--- Given data Enclosed Below ---
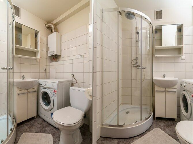 Łazienka: kabina prysznicowa, umywalka z szafką, lustro, pralką
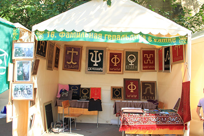 Очень заинтересовала карачаевскую часть гостей выставка фамильной геральдики. Почти каждый здесь нашел картину со своим фамильным знаком. Большой популярностью также пользовались карачаевские ножи (бычакъ).
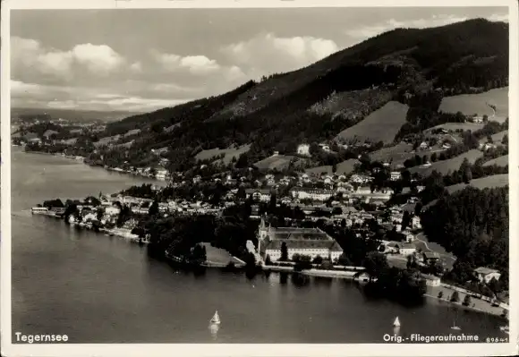 Ak Tegernsee in Oberbayern, Schloss, Fliegeraufnahme
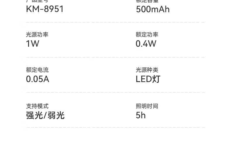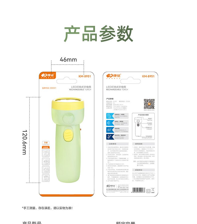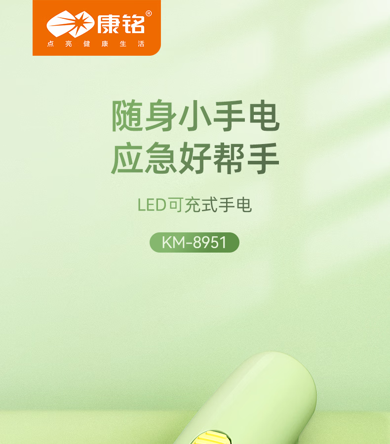 康铭/KANGMING KM-8951 应急照明灯强光手电筒可充电超亮远射家用户外小型迷你便携
--- End of Enclosed Given data ---
Activity:
The lines above should be transcribed exactly, with every image removed.

Reply:
 Łazienka: kabina prysznicowa, umywalka z szafką, lustro, pralką
 Очень заинтересовала карачаевскую часть гостей выставка фамильной геральдики. Почти каждый здесь нашел картину со своим фамильным знаком. Большой популярностью также пользовались карачаевские ножи (бычакъ).
 Ak Tegernsee in Oberbayern, Schloss, Fliegeraufnahme
 康铭/KANGMING KM-8951 应急照明灯强光手电筒可充电超亮远射家用户外小型迷你便携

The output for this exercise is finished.